There has been much news about the quiet revival that has been taking place. Young people are coming back to Church, and in turn choosing a way of life that looks different from the one the world promises will bring happiness. This quiet revival does not just mean that people are going to Church; it means they are also getting married and accepting God’s plan for family life, and perhaps “accepting” is an understatement. It is a desire being awakened that we did not even know we had, buried deep within our hearts, long encouraged to take second place to self fulfilment and success.

This revival may be seen in the rise in numbers of Gen Z attending Mass, but it is also evident in the quiet decisions of many young women to step off the relentless career climbing escalator. We are repeatedly told to delay motherhood, to freeze our eggs until our mid thirties, to secure the role or status that promises success and stability before even considering family life. Instead, many are choosing a humbler and more countercultural path, embracing life as young married couples, hoping and dreaming not of titles or promotions, but of getting each other to heaven and raising an army of little ones who will grow up to love the Lord and take the world by storm.

Yet stepping into this vocation does not always unfold as expected. We assume the two lines on a pregnancy test will appear quickly, after all, we are not using contraception. A year may pass with nothing. Blood tests come back normal. Fancy ovulation tests with flashing smiley faces, supplements, and cycle charting bring clarity but not the hoped for outcome. Mary knew this kind of waiting. Her “yes” came without guarantees or control over what would come next for her. Her motherhood was entrusted, not scheduled or managed. For women waiting for children, Mary is not a distant ideal but a companion in the space between promise and fulfilment.

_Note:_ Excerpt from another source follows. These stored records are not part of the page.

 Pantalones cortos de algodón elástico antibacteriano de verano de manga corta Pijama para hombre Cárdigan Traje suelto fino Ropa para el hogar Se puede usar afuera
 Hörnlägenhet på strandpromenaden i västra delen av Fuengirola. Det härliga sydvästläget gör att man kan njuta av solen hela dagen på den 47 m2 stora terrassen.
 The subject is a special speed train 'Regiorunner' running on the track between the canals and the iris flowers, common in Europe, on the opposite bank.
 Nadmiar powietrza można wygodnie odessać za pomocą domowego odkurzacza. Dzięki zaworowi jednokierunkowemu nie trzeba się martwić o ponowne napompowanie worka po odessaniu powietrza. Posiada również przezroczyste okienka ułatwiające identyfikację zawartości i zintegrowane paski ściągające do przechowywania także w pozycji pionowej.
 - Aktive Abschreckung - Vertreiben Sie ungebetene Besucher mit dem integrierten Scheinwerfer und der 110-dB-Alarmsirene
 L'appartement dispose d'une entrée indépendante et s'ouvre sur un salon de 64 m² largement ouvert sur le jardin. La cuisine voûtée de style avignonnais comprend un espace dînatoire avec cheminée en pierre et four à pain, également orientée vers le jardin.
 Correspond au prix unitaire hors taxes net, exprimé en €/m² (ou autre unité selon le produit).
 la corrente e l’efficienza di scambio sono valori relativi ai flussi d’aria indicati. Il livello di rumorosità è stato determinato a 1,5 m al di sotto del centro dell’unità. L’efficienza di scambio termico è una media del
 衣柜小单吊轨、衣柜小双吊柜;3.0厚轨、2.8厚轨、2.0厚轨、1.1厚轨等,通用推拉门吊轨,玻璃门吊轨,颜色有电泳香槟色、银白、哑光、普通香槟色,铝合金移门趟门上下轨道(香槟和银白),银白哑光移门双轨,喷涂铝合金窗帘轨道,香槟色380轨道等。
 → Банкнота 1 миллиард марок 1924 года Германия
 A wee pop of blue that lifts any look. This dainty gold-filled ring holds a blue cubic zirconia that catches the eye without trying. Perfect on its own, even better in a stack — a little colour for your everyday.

Many young Catholic couples find themselves in this space of waiting. But I increasingly wonder whether this space is intended by God only for our spiritual advancement, or whether it is also shaped by a healthcare system that struggles to know where to begin to heal us. For many, this calling of motherhood feels fragile, uncertain, and increasingly out of reach.

When we seek help, the medical landscape we entrust ourselves to often deepens that fragility rather than relieving it. In England, the fertility narrative many of us encounter is not one of listening or healing, but a linear NHS pathway that moves steadily towards its final option, in vitro fertilisation. Fertility is treated as a problem to be bypassed rather than a dimension of a woman’s health to be understood, nurtured, and protected.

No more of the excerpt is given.